Вернулся Шведов, посмотрел подозрительно на Чуриллова, потом перевёл взгляд на Ольгу.
— Ну-с, молодые люди, докладывайте, нити какого заговора вы тут сплели без меня?
— Заговора? Какого? — Ольга свела брови вместе. — Вселенского, естественно. Устраивает тебя такой ответ?
Чуриллова уязвило даже то, что к нему Ольга обращалась на «вы», а к Шведову на «ты». Короткое жёсткое «ты» всегда предполагает более близкие отношения, чем холодное вежливое «вы». А ведь они были раньше с Ольгой на «ты».
— Ладно, замнём разговор и продолжим нашу трапезу, — примиряюще произнёс Шведов, ловко подхватил свисавшую со стола салфетку; вновь заткнул её в воротник сорочки, — пусть дела наши увенчаются успехом… За это и выпьем.
— Хороший тост, — произнёс Чуриллов с далёкой усмешкой, — главное — неоднозначный.

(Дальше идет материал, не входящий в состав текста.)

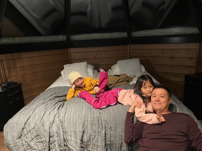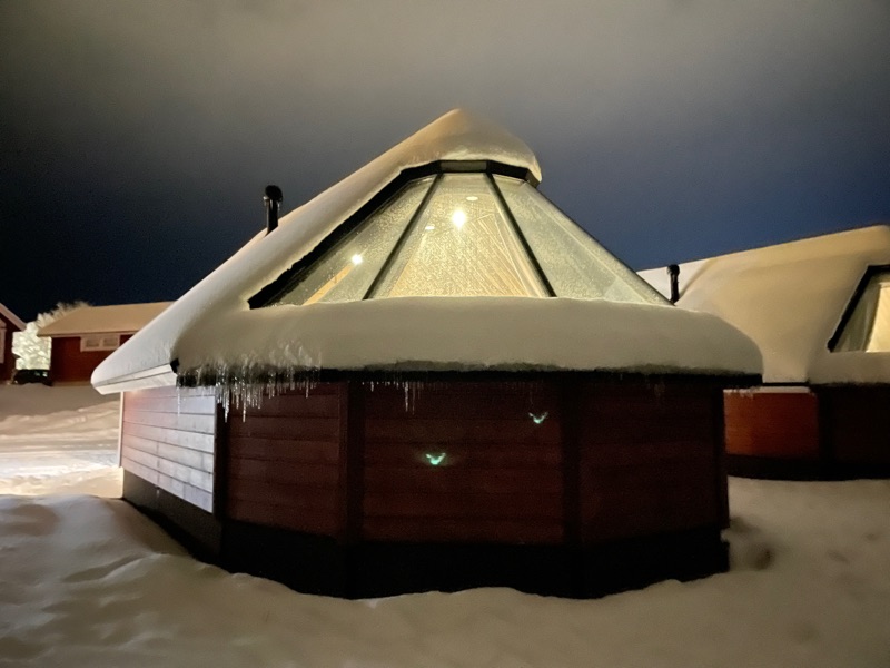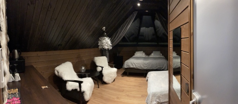 抵達Inari時已經是晚上9點多,這次我們訂的是Visit Inari極光玻璃屋,湖景第一排。 左邊第一間是Sauna,其餘8間是極光屋。當初下訂時這幾天特價,二大二小含早餐一晚€335,比起其他極光屋動輒一晚五六百真的是佛心價。小屋玻璃屋頂直接面對Lake Inari,視野遼闊沒有光害,是追極光的好地點。屋內有一張king size bed和鋪好的sofa bed。有微波爐熱水壺和冰箱,到處都有插座,地板有加熱超級溫暖。衣服襪子濕掉的話在地板上烘一個晚上就乾了。 我們有3大咖行李箱,每個都可以打開攤在地上,室內空間算是非常寬敞舒適。
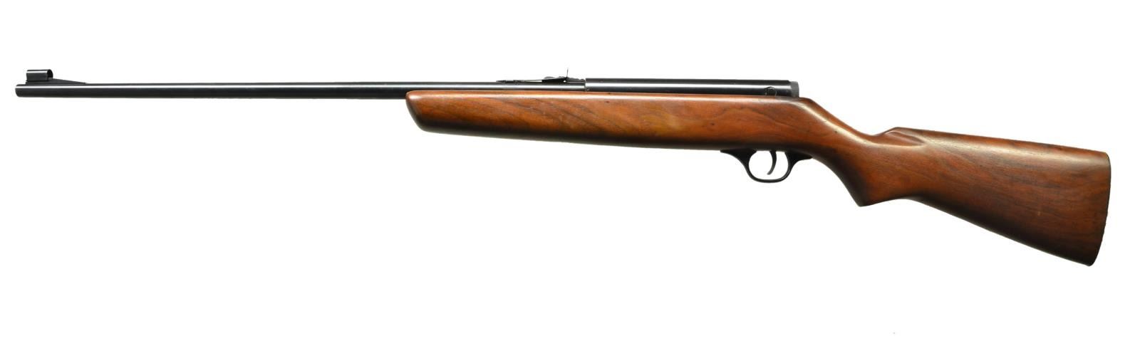 Cal. 22 LR. NSN. Bbl. 24". Elevator adj. rear sight. Ramped bead front sight w/ hood. Blued finish. Tubular mag in butt stock. Walnut pistol grip stock. CONDITION: right side of butt shows several drying cracks, stock otherwise shows some dings, scratches & handling marks. Metal retains 90% original blue w/ some high edge wear. Very good bore. PROVENANCE: Estate collection of Thomas F. Wolfinger. (22-6147/MJC). CURIO. $300-400.

Были вещи, которые он понимал с полуслова, легко проникал в их глубинную суть, делал точные прогнозы, а были такие, которые понять не мог никак — ну хоть убей! В голове они просто не укладывались. Он не понимал, что Ольга нашла в этом человеке, не понимал своей неопределённости и скисшего состояния — он никогда не был таким и сам себе не нравился. Не нравилось ему и то, что он принял приглашение Шведова и оказался здесь, в шумном месте, похожем на палубу корабля, где матросы привыкли собираться на «общий свист», как они называли построение всей команды.
Тем временем Шведов что-то говорил, отпускал шутку за шуткой. Ольга тянулась к нему, посматривала на бывшего подполковника влюбленно, и Чуриллову от этих неприкрытых взглядов делалось нехорошо.
И почему же он не может понять очень простых вещей?
Надо быстрее вернуться домой, к Инне, к детям, к очагу своему и в ближайшие два месяца никуда не выезжать из Кронштадта. За это время всё уляжется, успокоится, забудется.
Чуриллов со спокойным лицом доел первое, второе, затем, источая саму любезность, сказал Ольге Сергеевне:
— Олечка, простите, мне через двадцать пять минут надлежит быть в штабе флота… Дела!
Ольга удивлённо взглянула на него:
— Олег, извините, но ещё полчаса назад и речи ни о каком штабе не было.
— Речи не было, но штаб-то был… И будет, Олечка, даже если все мы этого не хотим. А я человек военный, я подчиняюсь дисциплине.
Ольга оглядела его внимательно, будто видела впервые, и произнесла тихо, очень тихо:
— Жаль!
Из кожаного портмоне, купленного когда-то в Париже, в модном магазине на Елисейских полях, Чуриллов достал золотой царский червонец, положил на стол.
— А вот этого не надо! — Шведов выпрямился резко.
— Надо, — мягким тоном возразил ему Чуриллов, — надо! Я не могу позволить, чтобы за меня платили, поймите меня правильно… Это не по-мужски.
— Но я же всех пригласил в этот ресторан, я, — Шведов повысил голос, — значит, я и должен платить.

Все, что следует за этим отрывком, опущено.